### Work required
Transcribe word for word each line from the one containing "小(3画)豆(7画)畑(9画) 臨(17画)太(4画)郎(10画)" to the final line of the data, both included. Skip the pictures.

### Source material
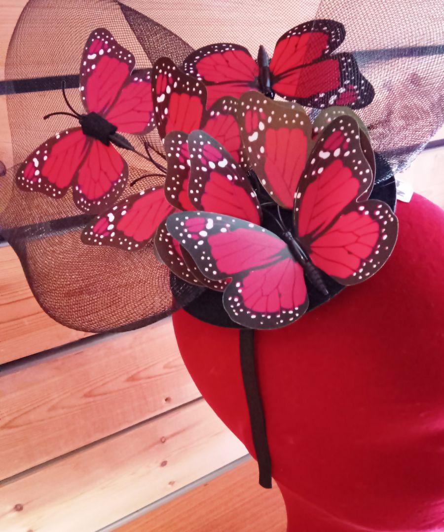 Στέκα-καπελάκι διακοσμημένο με οργάντζα και πεταλούδες.Διαθέτει πιαστράκι και μπορεί να φορεθεί ανεξάρτητα η’ με τη στέκα.
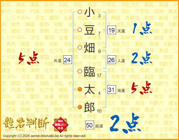 小(3画)豆(7画)畑(9画) 臨(17画)太(4画)郎(10画)
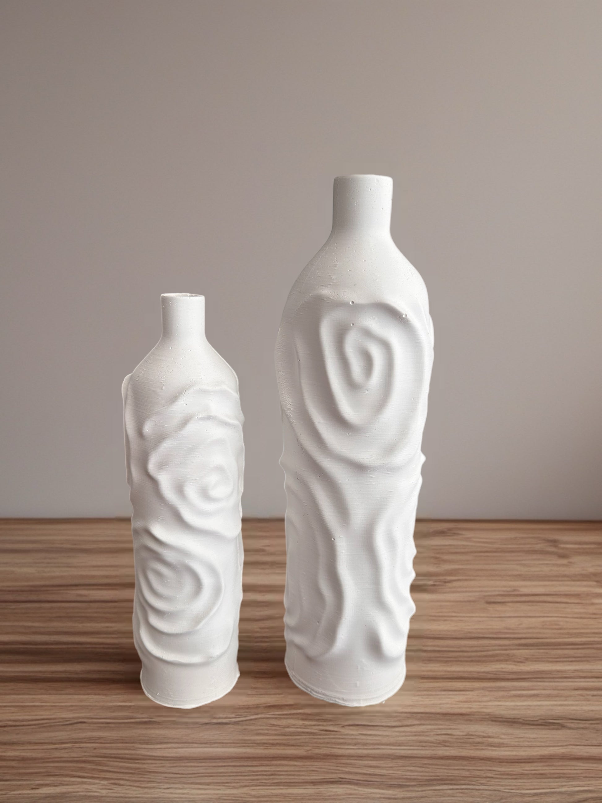Organik dokusu ve dikkat çekici kıvrımlı yüzeyiyle öne çıkan 2’li Set Radial Şişe Beton Vazo, modern dekorasyonun vazgeçilmez parçalarından biridir. %100 el yapımı olan bu özel set, taş tozu içerikli beton karışımıyla üretilmiştir. Sağlam ve dayanıklı yapısı sayesinde uzun ömürlüdür. İki farklı boy seçeneğiyle birlikte sunulan bu set, tek başına dekoratif bir obje olarak kullanılabileceği gibi çiçek aranjmanlarını da estetik bir şekilde sergiler.

### Response for this exercise
 小(3画)豆(7画)畑(9画) 臨(17画)太(4画)郎(10画)
Organik dokusu ve dikkat çekici kıvrımlı yüzeyiyle öne çıkan 2’li Set Radial Şişe Beton Vazo, modern dekorasyonun vazgeçilmez parçalarından biridir. %100 el yapımı olan bu özel set, taş tozu içerikli beton karışımıyla üretilmiştir. Sağlam ve dayanıklı yapısı sayesinde uzun ömürlüdür. İki farklı boy seçeneğiyle birlikte sunulan bu set, tek başına dekoratif bir obje olarak kullanılabileceği gibi çiçek aranjmanlarını da estetik bir şekilde sergiler.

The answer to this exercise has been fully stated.